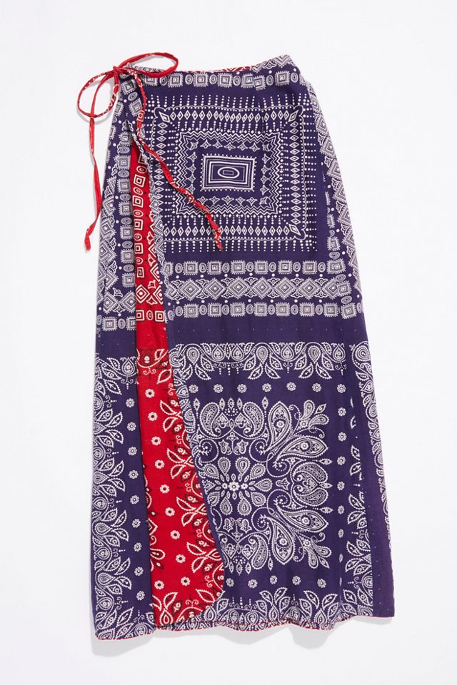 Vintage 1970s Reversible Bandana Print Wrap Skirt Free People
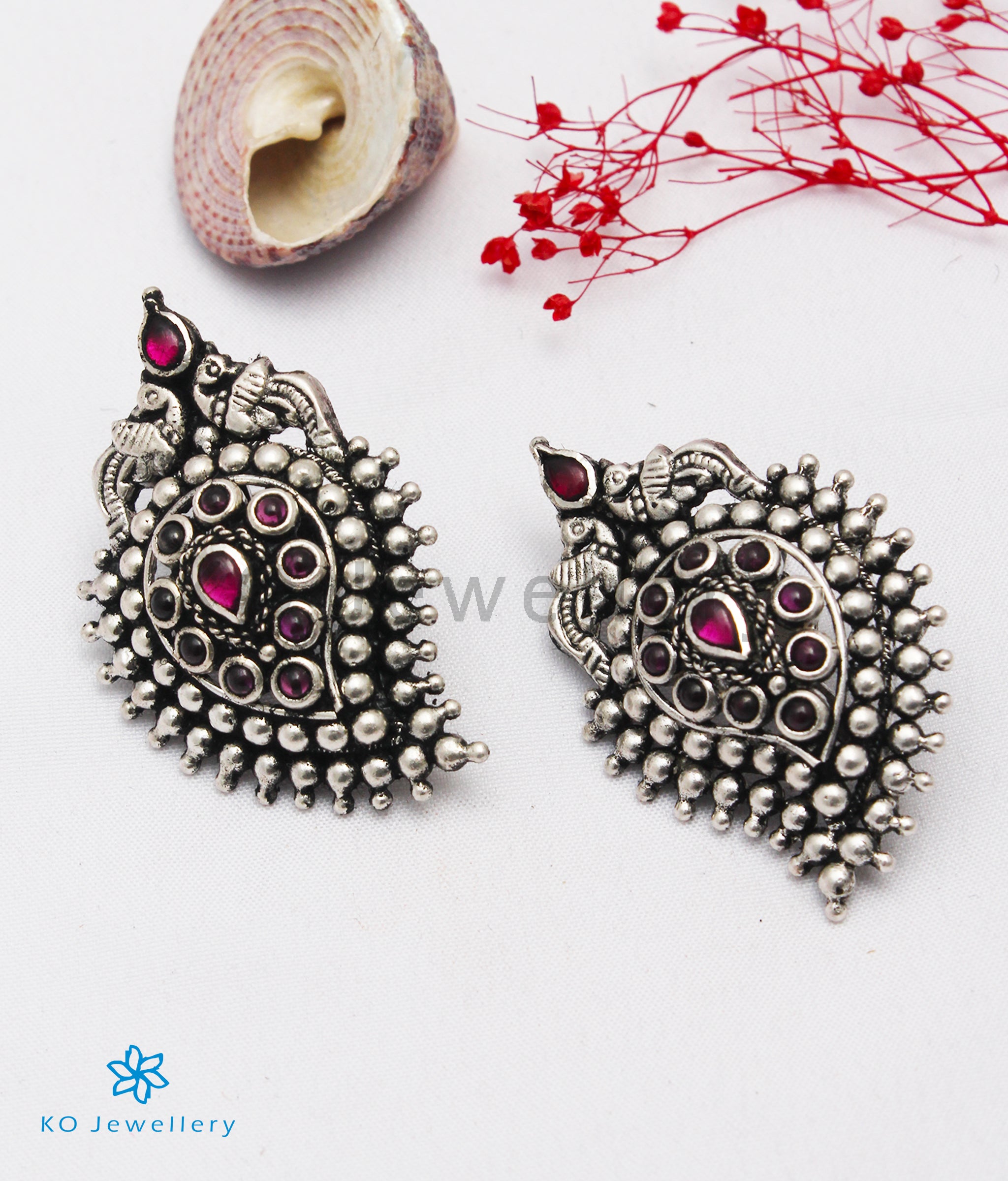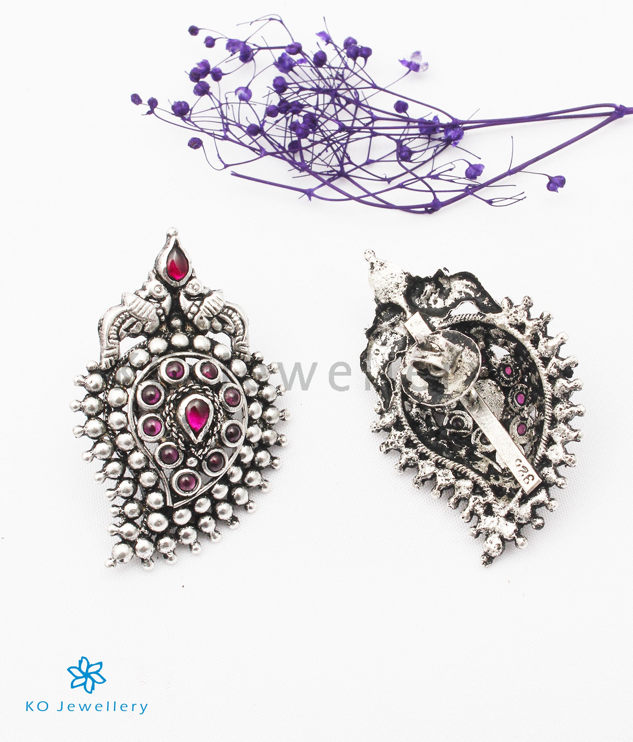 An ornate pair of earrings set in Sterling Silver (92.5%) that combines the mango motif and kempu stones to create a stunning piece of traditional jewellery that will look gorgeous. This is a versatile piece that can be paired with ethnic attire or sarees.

============================================================

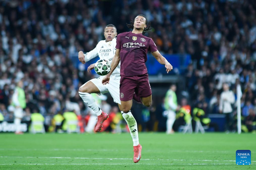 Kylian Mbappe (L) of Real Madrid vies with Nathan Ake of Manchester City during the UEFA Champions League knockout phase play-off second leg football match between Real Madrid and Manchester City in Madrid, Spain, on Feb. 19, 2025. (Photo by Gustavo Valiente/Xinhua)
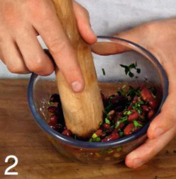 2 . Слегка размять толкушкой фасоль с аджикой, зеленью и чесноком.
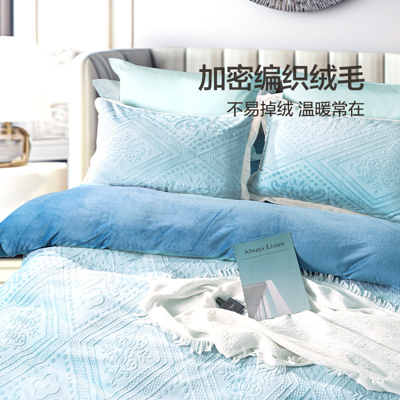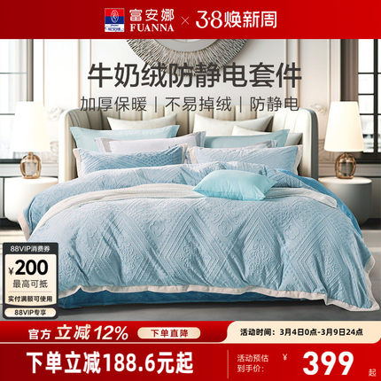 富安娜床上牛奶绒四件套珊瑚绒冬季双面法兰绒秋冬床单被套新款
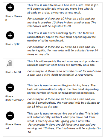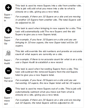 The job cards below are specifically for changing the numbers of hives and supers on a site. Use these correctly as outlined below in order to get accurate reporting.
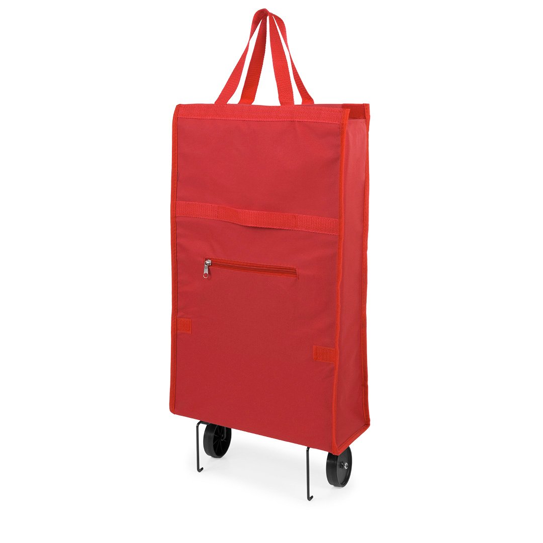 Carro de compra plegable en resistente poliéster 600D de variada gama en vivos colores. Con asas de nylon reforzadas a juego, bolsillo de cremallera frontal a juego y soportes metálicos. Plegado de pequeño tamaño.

============================================================

### WHAT YOU NEED TO DO
For this task, return exactly the stretch of the listing above from the line with "Vintage 1970s Reversible" through the line with "An ornate pair", inclusive and without pictures.

### RESPONSE FOR THIS EXERCISE
 Vintage 1970s Reversible Bandana Print Wrap Skirt Free People
 An ornate pair of earrings set in Sterling Silver (92.5%) that combines the mango motif and kempu stones to create a stunning piece of traditional jewellery that will look gorgeous. This is a versatile piece that can be paired with ethnic attire or sarees.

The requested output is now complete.